An important point is that CLIP uses a contrastive objective, not a predictive one. This choice of learning paradigm is primarily based on the success of contrastive representation learning over predictive objectives.

ImageBind

Girdhar et al. (2023) proposed an approach to learn a joint embedding across six different modalities (images, text, audio, depth, thermal, and IMU) in IMAGEBIND: One Embedding Space To Bind Them All.

Figure: ImageBind Overview. Source: Girdhar et al. (2023)

The authors aim to learn a single joint embedding space for all modalities by binding them with images. Moreover, they align each modality’s embedding to image embeddings. This has the added benefit that the resulting embedding space has a robust emergent zero-shot behaviour that automatically associates pairs of modalities without seeing any training data, i.e. an emergent behaviour arises in the embedding space that aligns two pairs of modalities (p, q) even though the model was only trained  using the pairs (image, a) and (image, b).

They use the InfoNCE Loss (refer to our article on contrastive learning) to align image embeddings (denoted by a) with other modalities (denoted by b).

Equation: Loss Function for ImageBind. Source: Girdhar et al. (2023)

DeCUR


Figure: Decoupled common and unique representations across two modalities.
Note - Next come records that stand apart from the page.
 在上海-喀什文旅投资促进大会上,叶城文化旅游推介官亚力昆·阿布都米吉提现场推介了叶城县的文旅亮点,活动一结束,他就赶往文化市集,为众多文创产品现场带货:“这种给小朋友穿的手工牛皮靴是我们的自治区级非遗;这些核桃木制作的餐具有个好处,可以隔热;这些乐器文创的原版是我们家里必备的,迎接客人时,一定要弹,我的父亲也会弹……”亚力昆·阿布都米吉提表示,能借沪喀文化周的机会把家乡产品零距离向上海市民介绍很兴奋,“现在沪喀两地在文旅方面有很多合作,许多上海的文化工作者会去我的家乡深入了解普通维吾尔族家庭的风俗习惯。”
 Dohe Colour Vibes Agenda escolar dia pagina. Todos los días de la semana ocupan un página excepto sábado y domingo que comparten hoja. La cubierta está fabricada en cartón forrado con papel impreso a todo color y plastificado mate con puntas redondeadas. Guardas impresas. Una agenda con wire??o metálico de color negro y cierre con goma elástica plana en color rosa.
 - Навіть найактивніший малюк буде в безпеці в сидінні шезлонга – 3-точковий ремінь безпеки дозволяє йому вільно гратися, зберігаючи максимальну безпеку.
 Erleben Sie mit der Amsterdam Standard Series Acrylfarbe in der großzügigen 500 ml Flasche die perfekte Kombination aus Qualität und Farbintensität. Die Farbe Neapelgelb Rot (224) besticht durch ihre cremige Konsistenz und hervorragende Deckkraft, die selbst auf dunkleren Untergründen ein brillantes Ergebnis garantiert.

Source: Wang et al. (2023)

Wang et al. (2023) explore how to decouple common and unique representations in Multi-modal Self-Supervised Learning based on the observation that while aligning different modalities in a shared embedding space has shown success in various multi-modal scenarios, they ignore that one modality may hold unique information that can not be extracted from other modalities. This forces the model to put potentially orthogonal representations into joint feature embeddings, limiting the model’s capacity to understand different modalities in detail.
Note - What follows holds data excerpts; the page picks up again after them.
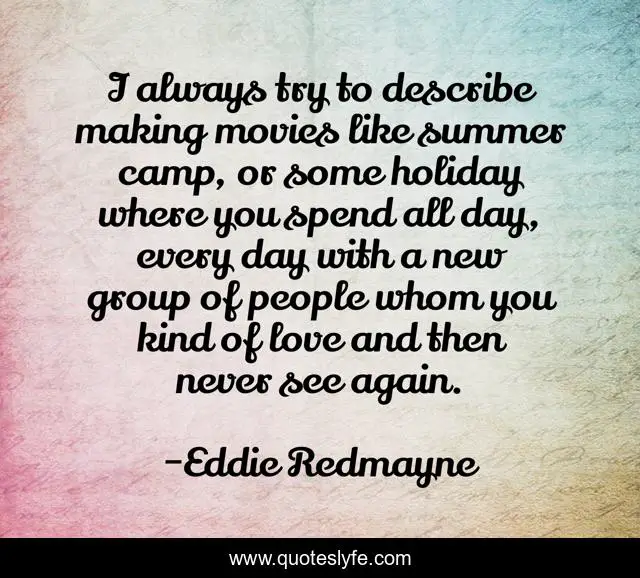 This page presents the quote "I always try to describe making movies like summer camp, or some holiday where you spend all day, every day with a new group of people whom you kind of love and then never see again.". Author of this quote is Eddie Redmayne. This quote is about love, day, affection, people,.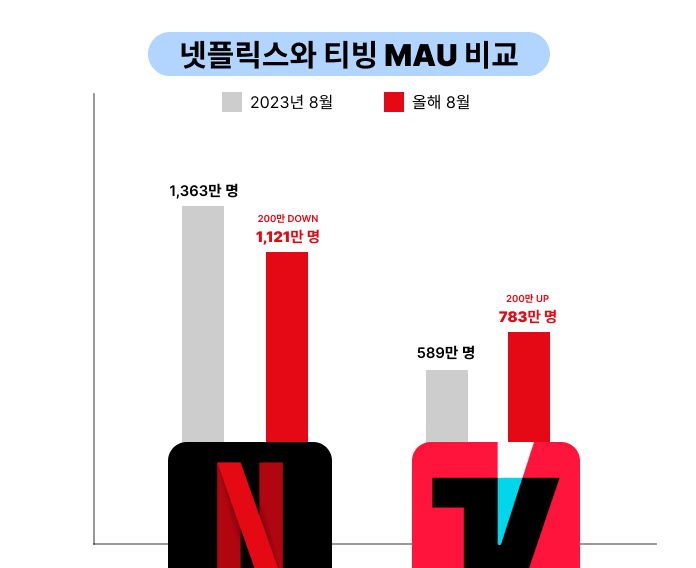 실례로 지난해 8월, 1,363만 명이던 넷플릭스 MAU는 올해 8월 1,121만 명으로 242만 명이 줄었는데요. 같은 기간 티빙 MAU는 589만 명에서 783만 명으로 200만 명이 증가했어요. 즉, OTT에 신규 이용자가 유입된 것이 아니라, 기존 이용자가 A 플랫폼 구독을 해지하고 B 플랫폼을 구독한 것인데요. 킬러 콘텐츠를 통한 플랫폼 간 파이 나눠먹기가 OTT 시장의 특징이라고 할 수 있어요.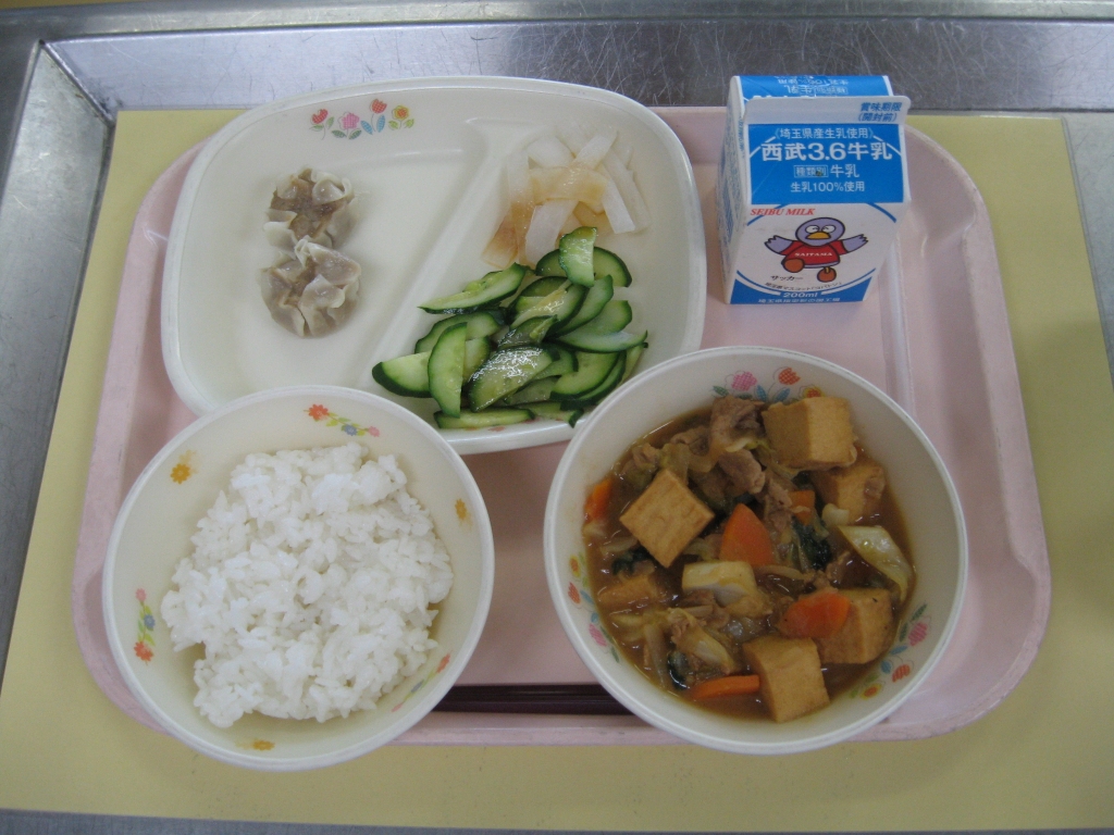 牛乳・ごはん・厚揚げのチャオサイ・スティック野菜・しゅうまい

Figure: DeCUR Framework. Source: Wang et al. (2023)


Concretely, during training, DeCUR calculates the normalized cross-correlation matrix of the common dimensions and the unique dimensions between two modalities and drives the matrix of the common dimensions to identity while driving the matrix of the unique dimensions to zero. This forces common embeddings to be aligned across modalities while modality-unique embeddings are pushed away.

Simply pushing embeddings from different modalities apart would lead to collapse; thus, DeCUR also employs intra-modal learning, which utilizes all embedding dimensions and drives the cross-correlation matrix between two augmented views of the same modality to the identity.

Conclusion

Embedding spaces provide a powerful mathematical framework to understand relationships in data through geometric principles. In this article, we saw some of the most commonly used distance measures and how they are used in vision and multi-modal deep learning systems.